▶ **Work instruction**
Although the records contain pictures, none belong in the copy: restate word for word only the lines from the one with "Global Exhibitions Day" through the one with "ใบตัดเพชร ขนาด 4", both included.

▶ **Records**

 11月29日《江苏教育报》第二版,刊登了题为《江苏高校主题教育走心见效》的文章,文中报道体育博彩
==
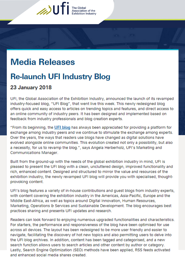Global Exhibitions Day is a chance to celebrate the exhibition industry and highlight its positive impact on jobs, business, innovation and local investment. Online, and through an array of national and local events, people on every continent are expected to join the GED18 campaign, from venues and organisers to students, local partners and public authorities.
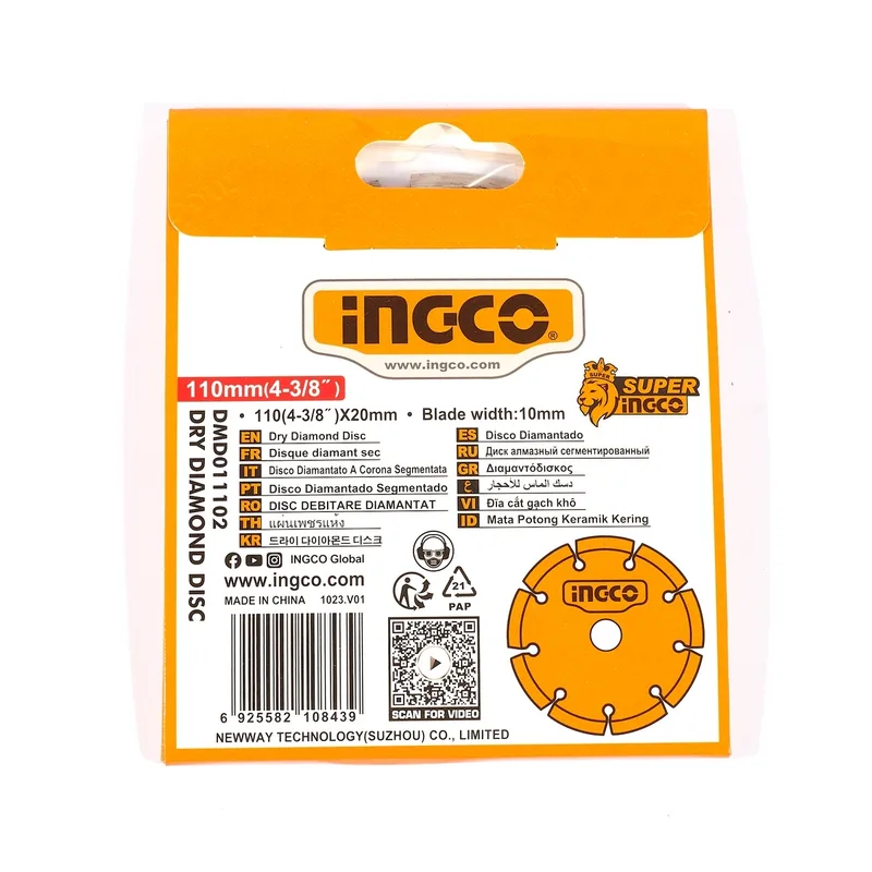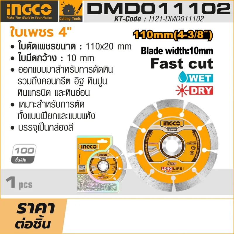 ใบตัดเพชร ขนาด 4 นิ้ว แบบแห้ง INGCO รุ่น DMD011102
--
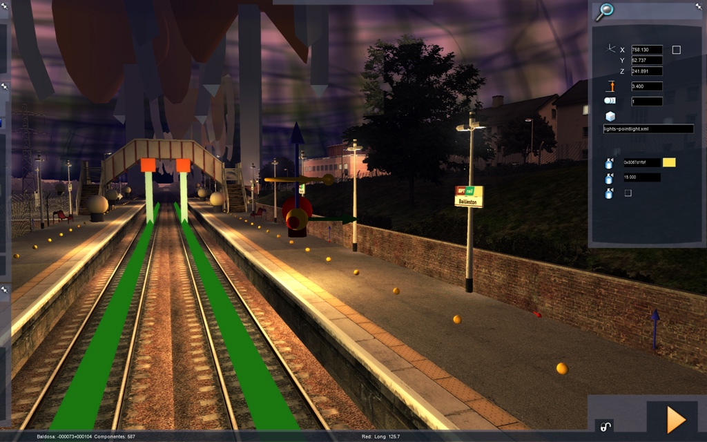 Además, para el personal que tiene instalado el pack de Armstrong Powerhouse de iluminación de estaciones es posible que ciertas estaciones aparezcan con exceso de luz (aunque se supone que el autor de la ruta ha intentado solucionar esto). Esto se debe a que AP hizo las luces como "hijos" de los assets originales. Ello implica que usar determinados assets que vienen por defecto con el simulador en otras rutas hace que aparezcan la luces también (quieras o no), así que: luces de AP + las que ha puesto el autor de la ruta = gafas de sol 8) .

▶ **Exercise response**
Global Exhibitions Day is a chance to celebrate the exhibition industry and highlight its positive impact on jobs, business, innovation and local investment. Online, and through an array of national and local events, people on every continent are expected to join the GED18 campaign, from venues and organisers to students, local partners and public authorities.
 ใบตัดเพชร ขนาด 4 นิ้ว แบบแห้ง INGCO รุ่น DMD011102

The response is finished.